A ce moment , plusieurs « Bérets Rouges », les éléments de la garde rapprochée se sont mis à le battre et ont déchiré ses vêtements avant de le jeter dans un véhicule militaire.

Il a été conduit au siège de la garde présidentielle, à la présidence de la République, où il a été sévèrement battu, et insulté en raison de son appartenance ethnique notamment.

La présence d’Alpha Condé à cette réunion était problématique, puisque l’article 38 de la Constitution interdit explicitement au Président de la République de participer aux activités de partis politiques.

« De tels actes de violence arbitraires envers les journalistes sont absolument intolérables, déclare Reporters sans frontières. D’autant plus, poursuit-elle, qu’ils accompagnent souvent d’une totale impunité. « Nous demandons que les éléments de la garde présidentielle responsables de cette agression soient identifiés et sanctionnés ».

Contactées par Reporters sans frontières, des associations guinéennes de médias ont fait part de leur indignation face aux violences répétées contre les journalistes et ce qu’ils estiment être des violations répétées de la Constitution par le Président Condé.

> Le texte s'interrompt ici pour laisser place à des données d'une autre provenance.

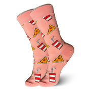 Add some flavor to your sock collection with our Pink Pizza and Soda Socks! These socks are the perfect combination of fun and comfort, featuring a playful design of pizza slices and soda cans. Indulge in comfort and style with these quirky socks.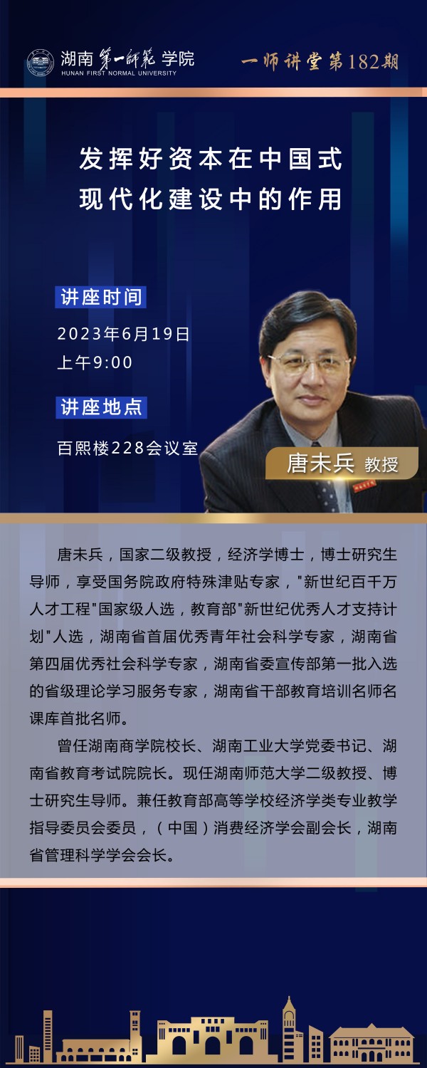 学术预告|一师讲堂第182期:发挥好资本在中国式现代化建设中的作用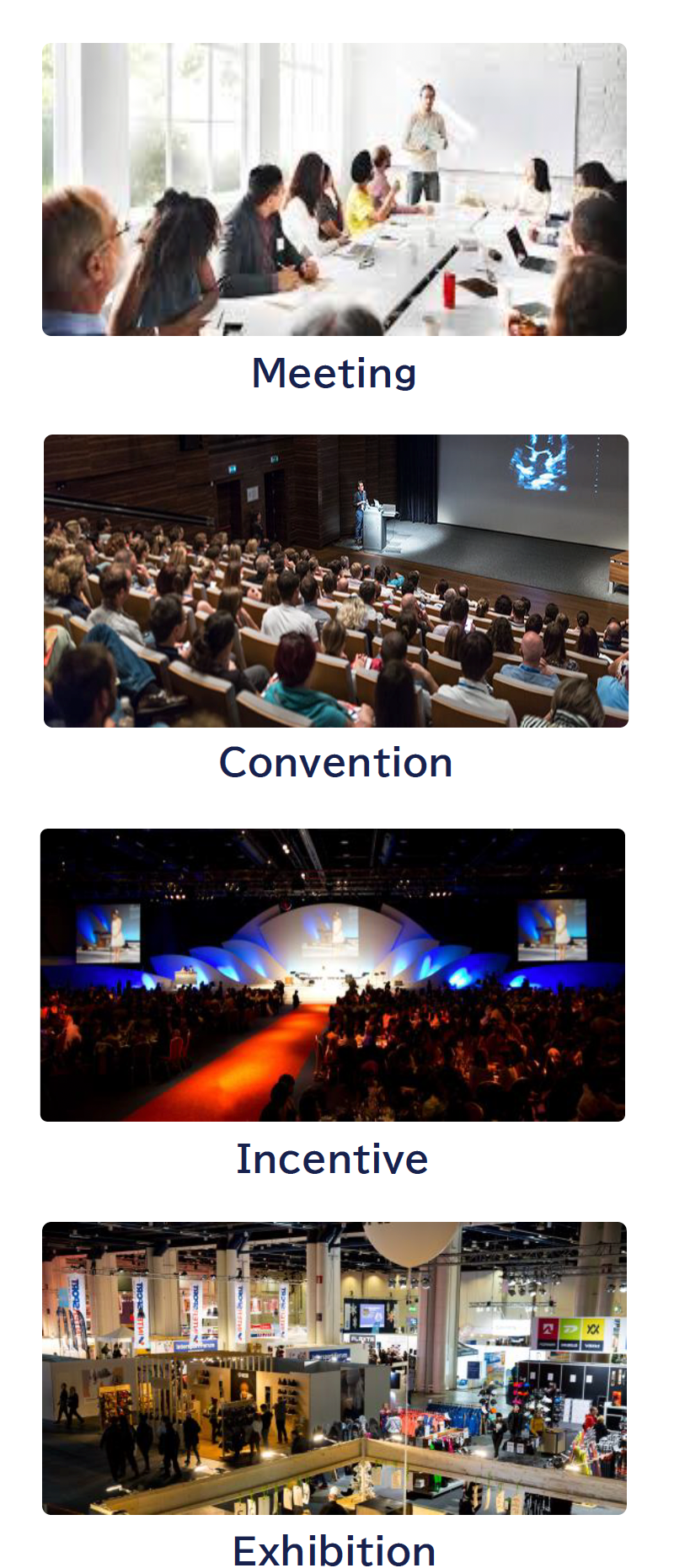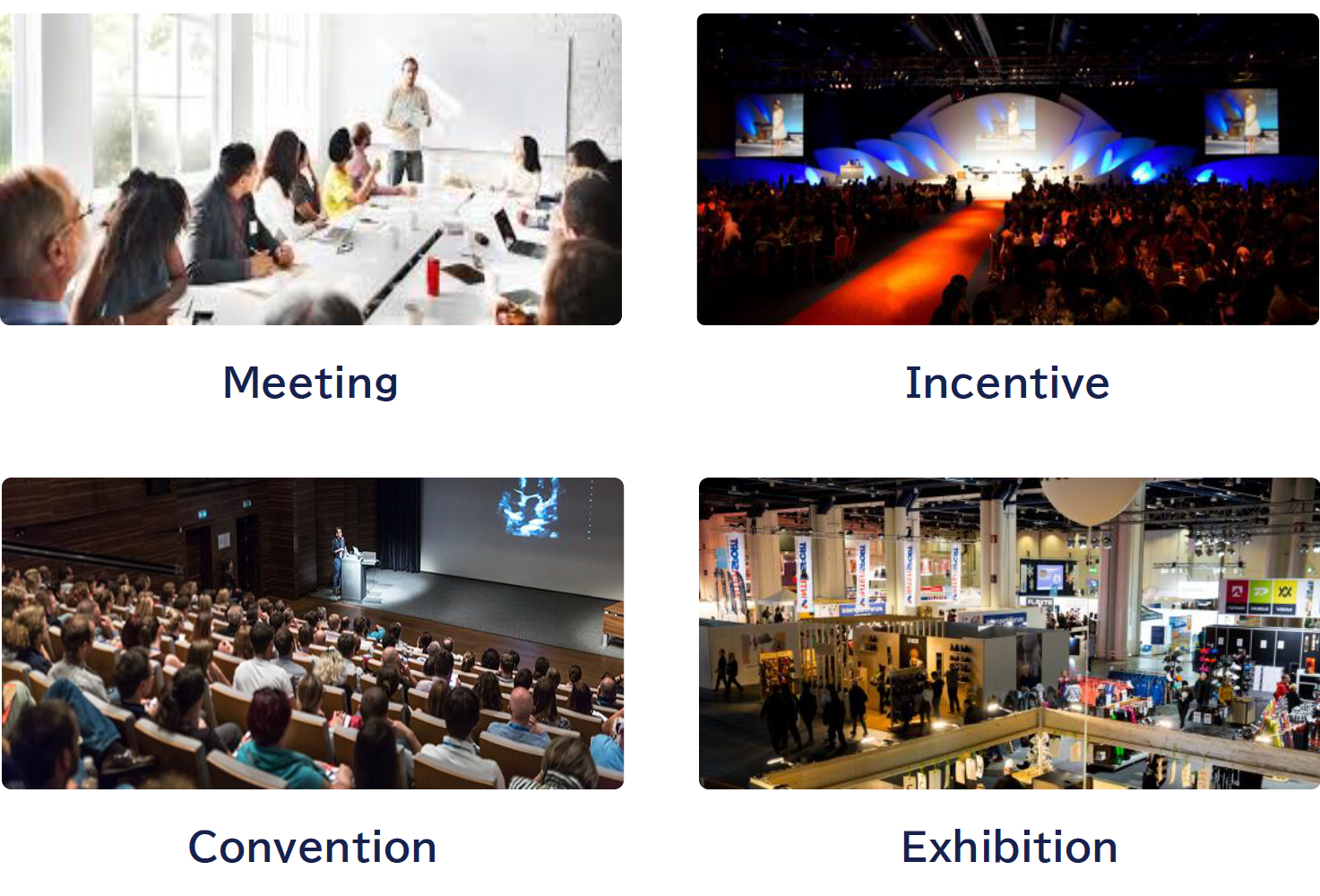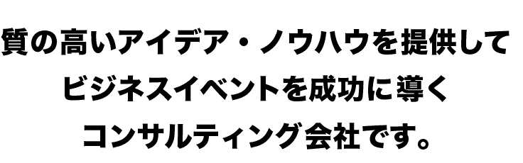 ビジネスイベントはMICEという括りで呼ばれることもあります。 ※MICE(マイス)とは、Meeting(企業などによる会議・研修)、Incentive Travel(企業などによる研修・招待旅行)、ConventionあるいはConference(国際機関・団体・学会などによる国際会議)、ExhibitionまたはEvent(展示会・見本市・イベント)の頭文字をとった造語。 当社は、ビジネスイベントを事業ドメインとして、様々なソリューションを提供しております。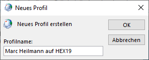 Vergeben Sie hier bitte den Namen des neuen Profils:

Le journaliste Malick Diallo et son journal envisagent de porter plainte dans les jours à venir.

Critiquer le président est passible de lourdes conséquences dans le pays. Le 22 juin, le tribunal de première instance de Kankan, capitale de la Haute Guinée, avait condamné le journaliste Malick Bouya Kébé, de la Radio Milo FM, à un million de francs guinéens d’amende pour “complicité d’outrage envers le président” Alpha Condé.

Le procès s’est déroulé sans l’assistance d’un avocat. Il lui a été reproché de ne pas avoir coupé le micro au moment où son invité a critiqué le discours du Président Condé.

Ce discours avait pourtant été discuté sur la quasi totalité des radios privées du pays. Mais à Kankan, le fief du RPG, le tribunal a décidé de s’auto-saisir.